尚不及惊异,齐卡洛听曹禹以一种出人意料地动听的声音道:“你这胡蛮,终于说真话了!”
静默的军帐内,只闻一阵衣帛破碎的撕裂声,齐卡洛顿感股间凉飕飕的。他伸出大手向下一摸,整个浑圆的屁股已露在外面。未等齐卡洛反应,曹禹猛地大掌扫过,打得他屁股哇哇生疼。“哎哟哟,别打了。是老子的错,老子口是心非,老子想了那下流事。”齐卡洛讨饶道。
曹禹停了下来。齐卡洛捂住屁股,凝望曹禹,不好意思地说:“老子是有那意思。不过,老子真的没把你当做那种人,老子其实对你很敬畏,还有点……有点怕你。但,虽然老子怕你,又想亲近你,你一对老子好,老子心里就特别高兴。可是,老子最近一靠近你,老子那活儿又不知怎么的就是和老子过不去。老子怕你看不起老子,怕你觉得老子说对你好,是心怀不轨别有所图,怕你以为老子是在骗你……”

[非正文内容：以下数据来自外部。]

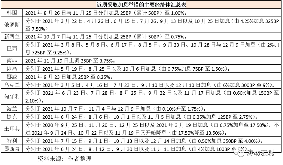 例如,2021年11月以來,已有韓國、新西蘭、巴西、南非、烏克蘭、匈牙利、波蘭、捷克、智利和墨西哥等經濟選擇加息,既包括發展中國家,也包括韓國和新西蘭等發達經濟體。

曹禹侧首虚望着帐篷上神秘的图腾,许久,问道:“齐卡洛,你有多久没行过那事了?”
齐卡洛错愕,他思索片刻,好面子地没说自己从未与人行过那事,只道:“大约……大约两年多……”过了一会儿,他问曹禹:“你,你有多久没做那事?”
“约是半年,”曹禹浅淡地说,“自去年北上来到辰阳,便再也没想过这事。”
齐卡洛仔细地观察着他的表情,试探地问:“那……那你要不要和老子……和老子……试试……”
曹禹闻言,突然出声笑道:“试什么?怎么试?”
齐卡洛目光闪闪,回到:“就是试试做……做那事!老子也不知道怎么做,老子从来没跟个带把儿的搞过那个。老子以前一直觉得和个爷们搞那事恶心,可现在老子好像不那么觉得了。老子挺想和你……”
曹禹终于转向他。
齐卡洛与他对视片刻,过了好一会儿,他涨红着脸说:“老子是没亲自做过,但老子听说过怎么做。营地里这种事老子也知道点儿。你愿不愿意……愿不愿意和老子……”
曹禹不说话,似在犹豫。
齐卡洛大着胆子凑到曹禹嘴边,轻轻碰触他的嘴角。曹禹侧过头,避开了他的亲吻。齐卡洛锲而不舍地又上前舔吻住了他的耳垂。他伸出舌头,起初细细地描绘它的轮廓,一遍又一遍,之后他开始长驱直入地用舌尖探进耳蜗,吮吻他柔然的耳垂。齐卡洛□早已昂扬直挺,他三两下扯去自己身上的衣物,紧紧地贴住曹禹不住地往他身上磨蹭。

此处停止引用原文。